Приобщившиеся не открывали больше своих магазинов Перестали торговать, ибо занятие даже самым простым ремеслом считалось делом греховным.
Если магазин, до того еще бойко торговавший, наутро был на запоре, всем было ясно: хозяин приобщился.
В таких случаях в соседних магазинах шушукались:
— Приобщился, осел…
— Ну и ну…
Комедия приобщения к святому духу приняла такие размеры, что протестант, проходя мимо дверей другого протестанта, стучался в дверь и во всеуслышание спрашивал:
— Приобщился, Мурад-ага?
— Ты что, только очнулся? Дней восемь уже… Эх ты, осел.. — отвечал Мурад-ага.
— А я еще нет.
— С ума ты сошел! Завтра же пойди, стыдно.
Младшая сестра моего отца была замужем за протестантом. Она приобщилась одна из первых. И вот пришли к отцу моему с известием: «Сестра Ехо приобщилась…»
— Позовите ее сюда, — велел отец.
Пошли за сестрой, вместо нее явился зять:
— Хаджи-эфенди, она боится идти.
Отец в ответ:
— Какого черта она приобщалась, если боится, — и отпустил в адрес Джейкоба крепкое ругательство.
Наконец особо упорствующих уже можно было пересчитать по пальцам. Для них мистер Джейкоб, если верить безнадежным грешникам, прочитал последнюю молитву и, собрав деньги, уехал с полной сумой, положив тем самым конец первому действию комедии. После его отъезда началось второе действие. Приобщившиеся, увидев, что доходы их семей сократились, отложили в сторону Библии, с которыми не расставались ни на минуту при мистере Джейкобе, и один за другим стали открывать свои магазины. Лавки начали торговать, — последовали уличные скандалы. Тех, кто проникся святым духом, зло высмеивали. Просвещенные церковники, пользуясь моментом, исподтишка натравляли торговцев друг на друга.
— Ну что, явился к тебе святой дух?
— А как он выглядит, твой святой дух? Он что, рогатый?..
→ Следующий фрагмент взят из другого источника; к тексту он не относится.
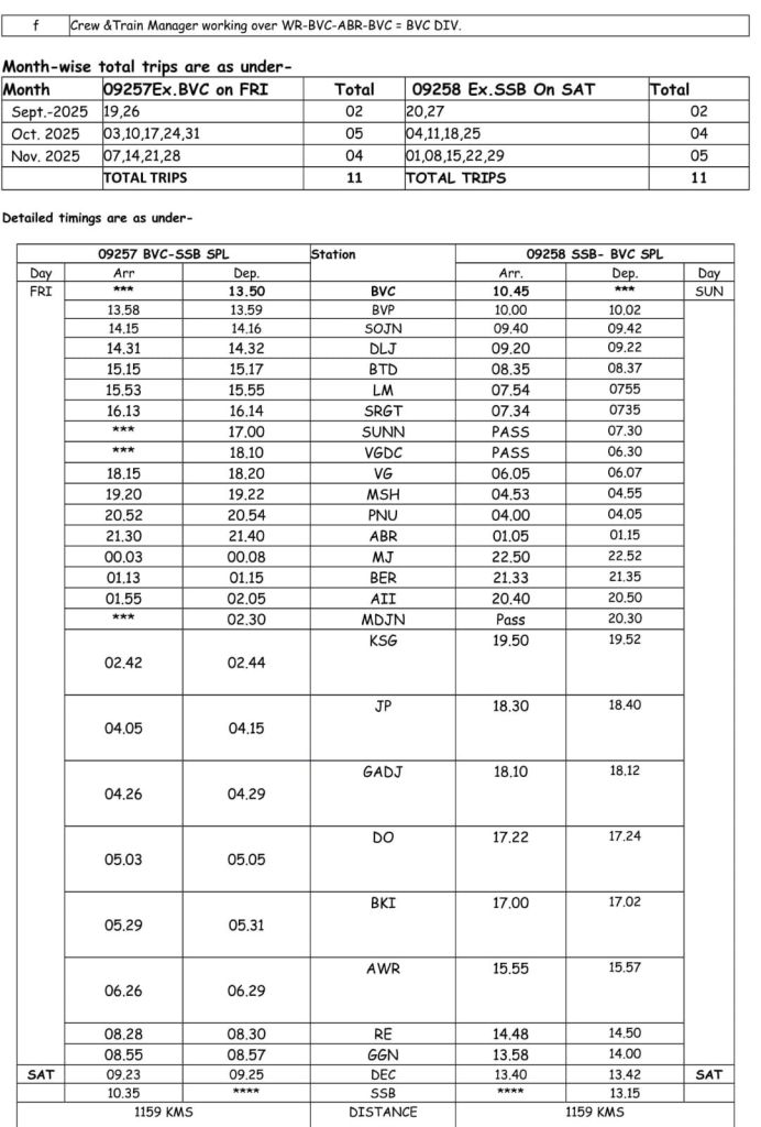 2 : 09029/30 बान्द्रा टर्मिनस रीवा बान्द्रा टर्मिनस साप्ताहिक अनारक्षित विशेष (6-6 फेरे) वाया भेस्तान, नंदुरबार, भुसावल, इटारसी, सतना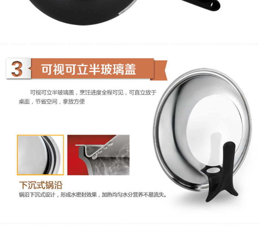 - 不銹工藝處理鍋身,鍋體異常堅硬,耐磨、耐酸堿性能卓越,達到超強不銹的效果;

— А может, святой дух — дьявол?..
Среди приобщившихся были такие, которые сносили издевки с гордым смирением, называя их «муками господними». Помнится, один из них, молитвенно сложив руки, вопил:
— Иисус Христос, твоим путем иду!..
Чтоб избежать насмешек, многие не торопились открывать магазины: выжидали, пока толпа утихомирится. Но толпа долго неистовствовала.
Через месяц пришла весть, что мистера Джейкоба где-то между Тигранакертом и Мосулом убил нечестивый злодей.
Когда об этом сообщили отцу, он сказал:
— Это не самое большое зло.
* * *
Протестанты… Как создалась их община? Каждый, кто таил в себе какую-либо обиду против священника, дьякона или даже звонаря, вступал в общину и становился «отступником».
Был у нас плотник, повздорил он раз как-то со звонарем григорианской церкви и его женой (они были соседями) — и ушел в протестанты. Звали его Мамбре.
— Господи, — роняя лживые слезы, молил он, — испепели наши души своим священным огнем.
Как только человек принимал протестантство, его начинали звать пароном. Так вскоре нашего братца Мамбре стали все величать пароном Мамбре.
Немец, герр Эйман, открывший колледж в нашем городе и энергично ратовавший за обращение горожан в протестантство, очень полюбил парона Мамбре, взял его к себе на работу, определил ему хорошее жалованье. Как-то Мамбре вышел на улицу в европейском костюме (подарок Эймана). Появись он в римской тоге, — не показался бы столь смешным К новому костюму не подходили висячие усы. Он их сбрил. Однако парон Мамбре не хотел останавливаться на достигнутом. Решил же он нечто странное. Но самое странное было то, что это решение взялся претворить в жизнь.
И вот, в воскресенье, после моления, парон Мамбре с идиотским выражением на лице (такое выражение было признаком независимости протестантов) вошел к герру Эйману в кабинет и подавленным голосом заявил:
— Герр Эйман, я очень сожалею, что родился армянином.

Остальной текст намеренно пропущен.